Mas o que proponho é tentar olhar além da curva, além do óbvio ululante de Nelson Rodrigues. O Índice Bovespa vem subindo sistematicamente e o dólar vem caindo. O índice de miséria caminha para ser o mais baixo em anos. O rating do Brasil melhora pelo conjunto da obra dos últimos anos. O novo marco fiscal está andando, ainda que existam dúvidas relevantes. A autonomia do Banco Central foi preservada apesar do esperneio de lunáticos. E o antirreformismo de setores do governo está sendo contido no semipresidencialismo que, de fato, prevalece no país.

A inflação prossegue sendo combatida e os juros devem cair adiante. O agronegócio continua bombando e a equipe econômica consegue construir, aos poucos, uma relação de credibilidade com os principais agentes econômicos. Assim, o que não está ruim pode ficar bom se os poderes da União, os governadores e forças da sociedade buscarem uma agenda de desenvolvimento econômico e social. A partir de uma simples questão: que país queremos para nossos filhos e netos?

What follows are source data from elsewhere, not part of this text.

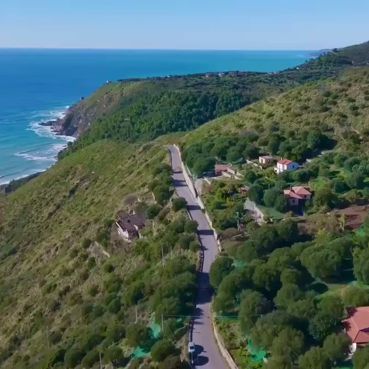 Our olives grow in Cilento National Park, on the hills that rise above the Mediterranean Sea. Here, every tree clings to a slope, there are no flat fields. Harvesting means climbing, carrying, and working against gravity. It is difficult work, but it is also honest work, and worth every effort.
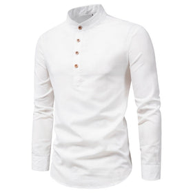 Baumwoll-Leinen Hemden mit Stehkragen...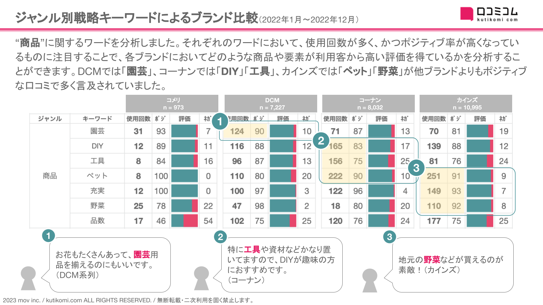 【コメリ/DCM/コーナン/カインズ】ホームセンターの口コミ4.8万件を大調査:各ブランドの”推し”商品が口コミから明らかに!口コミ分析レポートを口コミコムが公開

“O sucesso de um projeto de desenvolvimento dependerá da liderança direta do presidente”

De fato, para se obter um país melhor, poucos e complexos pontos devem ser considerados: proteção e avanço nas reformas, combate à desigualdade e melhoria do ambiente de negócios. Obtendo nota boa nos três quesitos, o Brasil será muito melhor.

O anúncio do novo PAC pode ser uma boa oportunidade de mitigar nossos problemas, se for elaborado em conjunto com o Legislativo, o Judiciário e as forças econômicas e sociais. Bem como deve oferecer propostas factíveis e metas de curto e médio prazo.

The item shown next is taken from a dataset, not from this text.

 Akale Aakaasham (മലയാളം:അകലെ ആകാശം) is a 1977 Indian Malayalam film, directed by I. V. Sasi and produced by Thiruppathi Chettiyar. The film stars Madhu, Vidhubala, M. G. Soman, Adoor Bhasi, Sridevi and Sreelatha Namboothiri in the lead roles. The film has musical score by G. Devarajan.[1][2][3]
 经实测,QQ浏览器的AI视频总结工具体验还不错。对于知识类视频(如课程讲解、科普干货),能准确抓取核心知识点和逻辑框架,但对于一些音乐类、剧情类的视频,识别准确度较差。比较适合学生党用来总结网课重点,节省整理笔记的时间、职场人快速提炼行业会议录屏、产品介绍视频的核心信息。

Como meta-síntese do novo PAC as autoridades e a sociedade civil devem dar atenção prioritária à questão da segurança jurídica. Pois sem ela as expectativas de crescimento, emprego, renda, impostos e divisas ficam comprometidas. Devemos combater a imprevisibilidade do passado.

Uma reflexão adicional deve ser feita. Os bons sinais apontados não eliminam a possibilidade da manutenção de um cenário “mais ou menos” ou, até mesmo, uma piora. Já que o governo não faz a leitura institucional correta, tenta praticar um voluntarismo sem o poder necessário, carece de consistência em suas iniciativas e, sobretudo, não se posiciona claramente sobre o que pode e o que não pode fazer.

Por fim, o sucesso do governo em propor uma agenda de desenvolvimento com começo, meio e fim dependerá da liderança direta e pessoal do presidente Lula. A questão é que ele aparentemente parece mais conectado a uma agenda internacional, em vez de mergulhar nos desafios e nas oportunidades que se apresentam no âmbito nacional. Afinal, como disse o ex-congressista democrata Tip O’Neill: “All politics are local” (todas as políticas são locais).